The first group he describes are the “Conspiracy Curious Normies”. These are not diehards but people who see the lack of transparency in government and institutions all the time and wonder what’s behind the curtain of official secrecy. The lack of detail can arouse a reasonable skepticism. Politics, of course, encourages this. The party not in power plays the role of official opposition – seldom a loyal one - and the task is to uncover the “there there”.
The second group are the “Outsider Intellectuals”. Such persons, usually with more than a modicum of formal education, place much of their identity on questioning everything. Sometimes, of course, they get it right. Because much of the discourse is sincere and now happens in social media, others are quick to pick it up and reinforce it. Any person has the power to gain a following in no time – as Kevin Ashton proved with his fictional consultant, Santiago Swallow and his 85,000 followers. This is a cautionary tale relating to celebrity culture – but it also shows how the faux outside intellectual can dupe us.
The last group Douthat identifies are the “Recently Radicalized”. To some extent they are the creatures of the pandemic. Lockdown has had an effect in my own family where teenagers are studying online while all their parents work from home and an older grandson was hired immediately after graduating from university. Another son teaches graduate students online in Hong Kong. I’ll add myself to make ten people all functioning with their own technology at an optimal level. How common is that? The contrast of impoverished inner city or rural families in any country is staggering. It is an invitation to mistrust authority. Added to that are unusual events – racial unrest, natural disasters and it reinforces the belief that no one is in charge – and that any who are attempting to be – those who talk about resets – are simply moving to take advantage of the situation and are out to get us.
Douthat concludes that there is more reason here that we are willing to give credit to. The easy thing is to mock it and laugh it away. The more responsible thing is to ponder ways to rebut it.
For the first group, the conspiracy curious, Douthat suggests avoiding the media coverage and going directly to the sources. If claims are being made in court, what are the lawyers saying to make their case? If it is legislation, what does the proposed bill say?
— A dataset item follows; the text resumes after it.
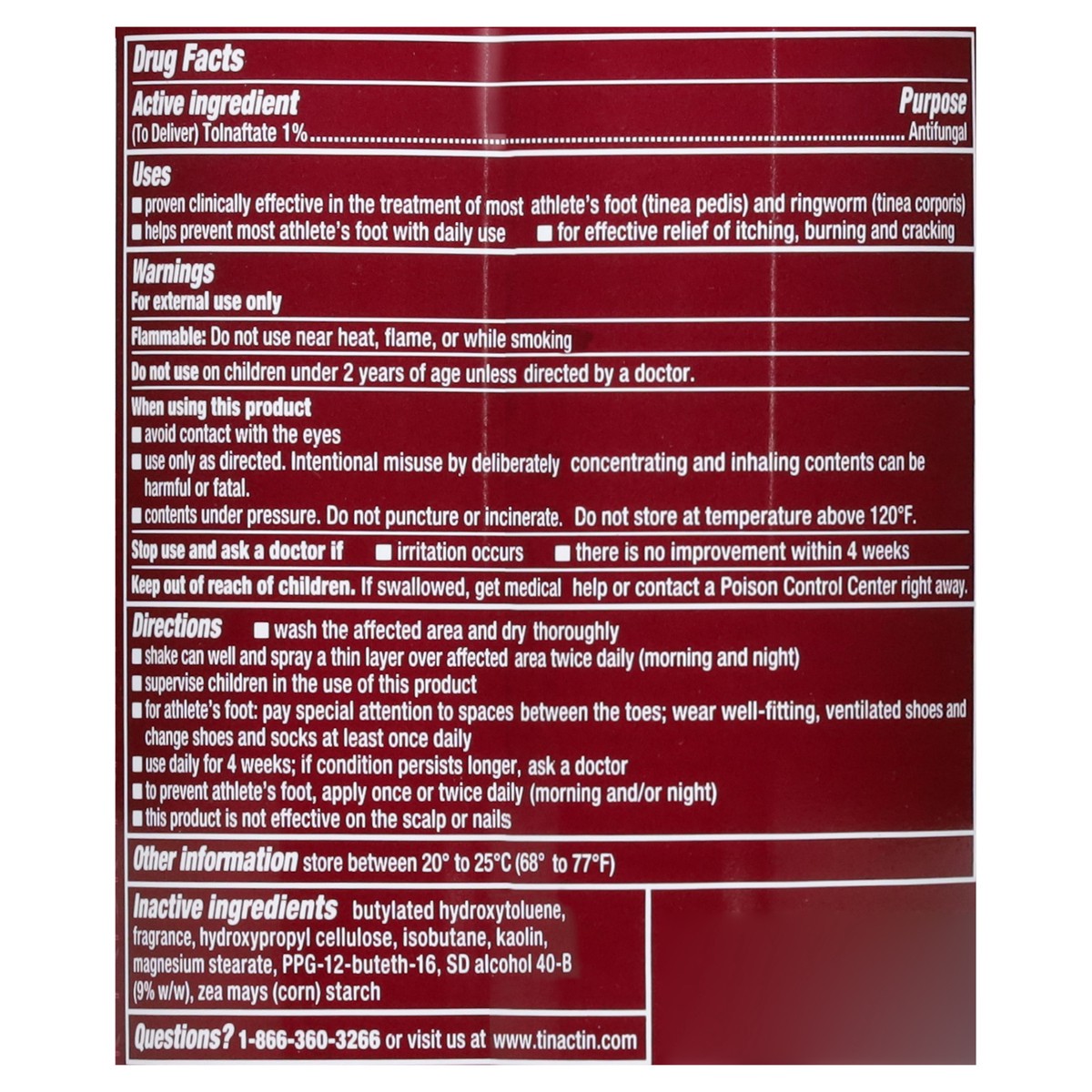 Active Ingredients: (To Deliver) Tolnaftate 1% (1 %), Antifungal. Inactive Ingredients: Butylated Hydroxytoluene, Fragrance, Hydroxypropyl Cellulose, Isobutane, Kaolin, Magnesium Stearate, PPG-12-Bute…

If there is lack of transparency, what can be revealed and what is reasonable to withhold and redact?
For the outsider intellectuals, Douthat suggests that they take a breath and recognize that anomalies might be simple errors rather than dastardly plots. For the recently radicalized, pandemics do create chaos and ascribing mistakes as overreaching attempts to mislead are unfair. People do get things wrong because they are human and respond in various ways. If it appears that no one is in charge, it might be due to complexity of the reaction rather than autocracy.
In the long run what we need to focus on is law making – not story telling.